Imbuidos del espíritu de estas ferias mayores de Adviento, donde la figura, la presencia y la misión de la Santísima Virgen están tan presentes, seamos catequizados en el sentido espiritual que posee la intervención de la Virgen María en la historia de la salvación.
Ella es la Madre, la colaboradora; Ella es el camino a Cristo. Con Ella vivimos el Adviento y de su mano, muy especialmente, las ferias mayores para intensificar nuestra adecuada preparación interior al nacimiento del Salvador.
"Esta audiencia en las proximidades de la Navidad no nos permite pensar en otra cosa ni hablar más que del gran hecho, del gran misterio de la Encarnación, del nacimiento de Nuestro Señor Jesucristo, dos veces engendrado, como decía una inscripción en la antigua basílica de San Pedro: sin madre en el cielo, sin padre en la tierra, es decir, Hijo eterno de Dios Padre e Hijo en el tiempo de María, uno en la Persona Divina del Verbo, que asocia a su divinidad la humanidad de Jesús, el Hombre Dios, nuestro Salvador, nuestro Maestro, nuestro Hermano, sacerdote sumo entre cielo y tierra, centro de la historia y del universo.

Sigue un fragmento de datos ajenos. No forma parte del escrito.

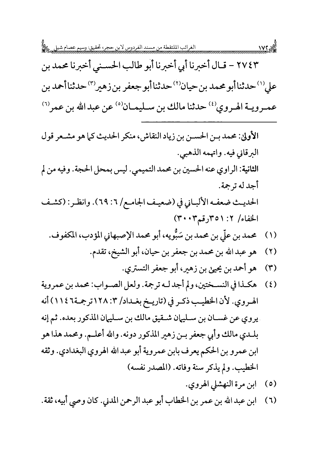 ٢٧٤٣ - قال أخبرنا أبي أخبرنا أبو طالب الحسني أخبرنا محمد بن علي (¬١) حدثنا أبو محمد بن حيان (¬٢) حدثنا أبو جعفر بن زهير (¬٣) حدثنا أحمد بن عمروية الهروي (¬٤) حدثنا مالك بن سليمان (¬٥) عن عبد الله بن عمر (¬٦)

Quien advierte la realidad de este acontecimiento no puede ocuparse de otra cosa; y cuanto más supera nuestra capacidad de comprensión tanto más atrae y empeña nuestra avidez de contemplación; todo en Cristo se concentra, todo se ilumina. Y la gran maravilla es, después, ésta: que cada uno de nosotros está interesado en el hecho prodigioso; nos afecta personalmente y no de modo accidental y fortuito, sino de modo esencial; nuestro destino está ligado con el acontecimiento; ninguno de nosotros puede prescindir de la relación que el nacimiento de Cristo establece entre Él y cada uno de nosotros.
Punto focal del misterio
Pero no es éste el momento para detenernos en semejante meditación, de la que nos basta aquí el recuerdo para exhortaros a buscar en la próxima celebración de la dulcísima fiesta lo que constituye su punto focal; es decir, el misterio de la venida de Cristo entre nosotros. Son tantas las cosas exteriores que adornan y embellecen la Navidad que a menudo su significado verdadero se nos queda escondido, de modo que lo que hemos acumulado de fiestas, de ritos, de luces, de cánticos, de regalos, de comida, de juegos en torno a la Navidad para gustar de ella su serena belleza termina a veces por obstaculizar el gozo de su valor espiritual. Este hecho, nos parece, tiene una explicación indulgente y legítima: si el Señor, pensamos, ha venido a este mundo, a nosotros, pequeño y pobre, que también Él participe de nuestra escena terrena, es decir, que podamos ir a Él por los senderos comunes de nuestra experiencia y vida sensible; la majestad y la infabilidad de Dios nos son veladas por nuestra semblanzas humanas; su humanidad nos ha librado del temor y de la fatiga de buscar por vías angélicas, más altas y difíciles, el encuentro con Él. Célebre es a este propósito la frase del gran doctor de la Encarnación San León Magno: El Hijo de Dios, “invisibilis suis, visibilis est factus in nosotros”, invisible por su naturaleza, se ha hecho visible en la nuestra (Sermón 22,2; PL 54, 195). Grande cosa es ésta; quiere decir que toda nuestra expresividad humana, lógica, sentimental, simbólica, artística, popular… puede servir, bien usada, al lenguaje religioso, sin profanar lo sagrado; es ésta la justificación teológica del aparato exterior litúrgico, del arte y, en nuestro caso, de la brillantez navideña y especialmente del belén.